## Exercise goal
Could you repeat the listing below exactly while leaving its pictures behind?
(Beginning of Data section)
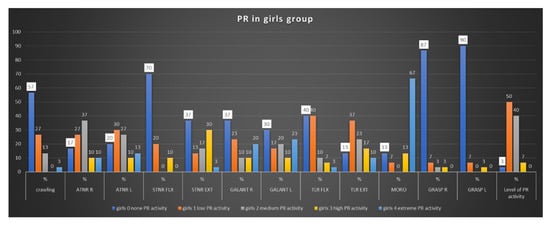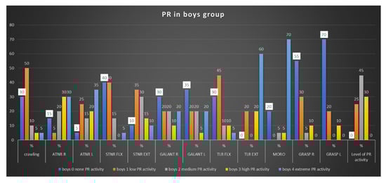 The percentage of PR occurrence in groups of girls and boys is presented in Figure 1 and Figure 2. Of the boys, 75% achieved a higher score of PR activity. In the group of girls, this was under 50%. The least integrated were the Galant Reflex (GR) and Moro Reflex (MR) in the group of younger children, and Tonic Labyrinthine Reflex (TLR) and MR in the group of older children.
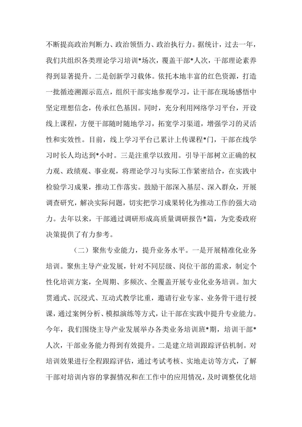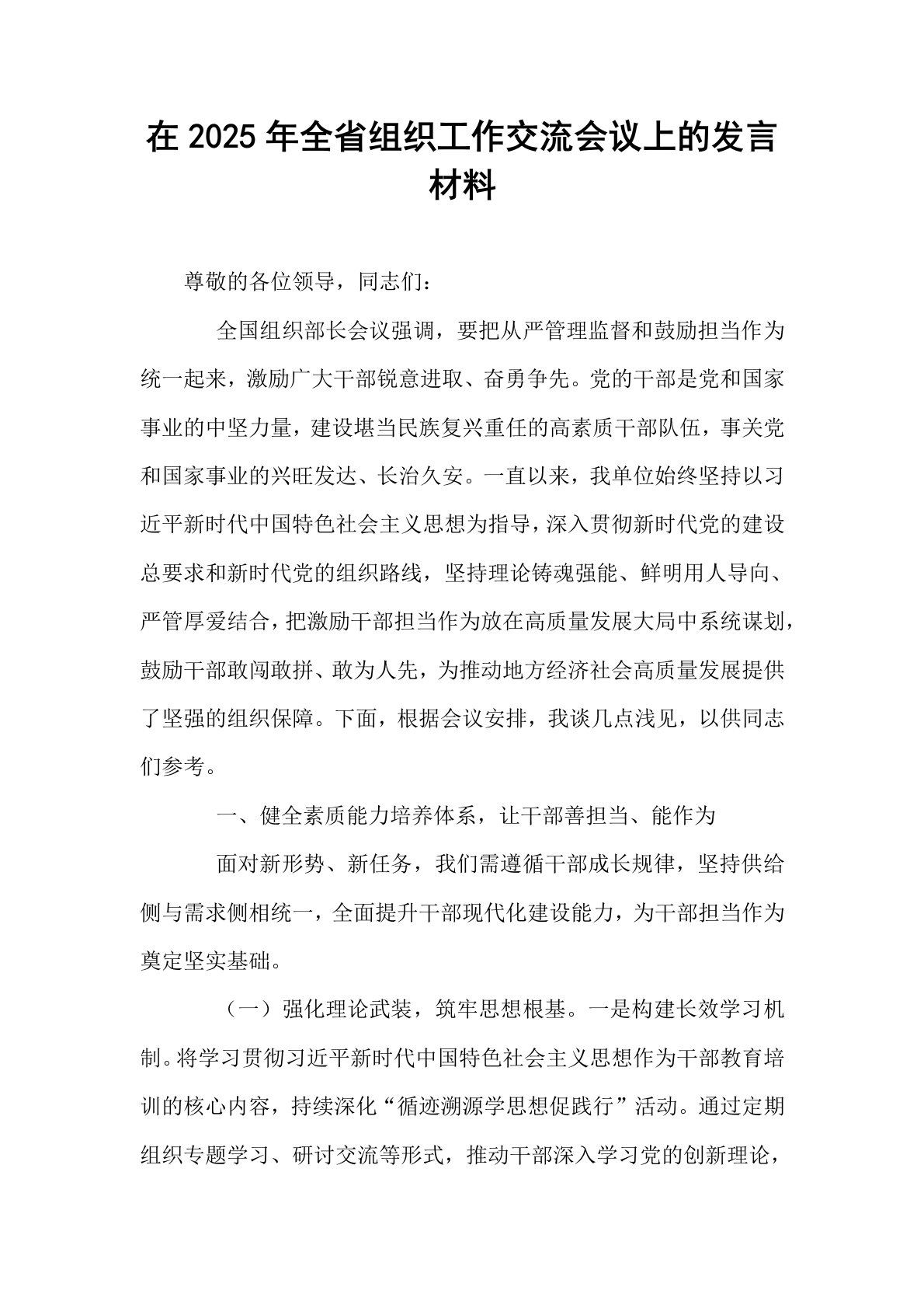 在2025年全省组织工作交流会议上的发言材料尊敬的各位领导,同志们:全国组织部长会议强调,要把从严管理监督和鼓励担当作为统一起来,激励广大干部锐意进取、奋勇争先。党的干部是党和国家事业的中坚力量,建设堪当民族复兴重任的高素质干部队伍,事关党和国家事业的兴旺发达、长治久安。一直以来,我单位始终坚持以习近平新时代中国特色社会主义思想为指导,深入贯彻新时代党的建设总要求和新时代党的组织路线,坚持理论铸魂强能、鲜明用人导向、严管厚爱结合,把激励干部担当作为放在高质量发展大局中系统谋划,鼓励干部敢闯敢拼、敢为人先,为推动地方经济社会高质量发展提供了坚强的组织保障。下面,根据会议安排,我谈几点浅见,以供同...
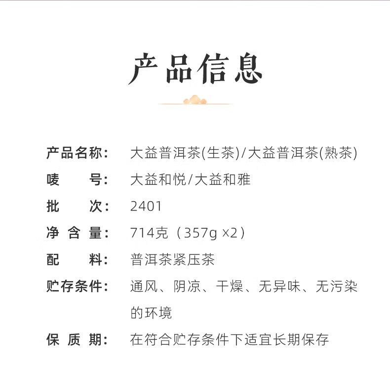 大益TAETEA茶叶普洱茶 和悦和雅生熟茶组合357g*2 抽拉式
(End of Data section)
## The answer
 The percentage of PR occurrence in groups of girls and boys is presented in Figure 1 and Figure 2. Of the boys, 75% achieved a higher score of PR activity. In the group of girls, this was under 50%. The least integrated were the Galant Reflex (GR) and Moro Reflex (MR) in the group of younger children, and Tonic Labyrinthine Reflex (TLR) and MR in the group of older children.
 在2025年全省组织工作交流会议上的发言材料尊敬的各位领导,同志们:全国组织部长会议强调,要把从严管理监督和鼓励担当作为统一起来,激励广大干部锐意进取、奋勇争先。党的干部是党和国家事业的中坚力量,建设堪当民族复兴重任的高素质干部队伍,事关党和国家事业的兴旺发达、长治久安。一直以来,我单位始终坚持以习近平新时代中国特色社会主义思想为指导,深入贯彻新时代党的建设总要求和新时代党的组织路线,坚持理论铸魂强能、鲜明用人导向、严管厚爱结合,把激励干部担当作为放在高质量发展大局中系统谋划,鼓励干部敢闯敢拼、敢为人先,为推动地方经济社会高质量发展提供了坚强的组织保障。下面,根据会议安排,我谈几点浅见,以供同...
 大益TAETEA茶叶普洱茶 和悦和雅生熟茶组合357g*2 抽拉式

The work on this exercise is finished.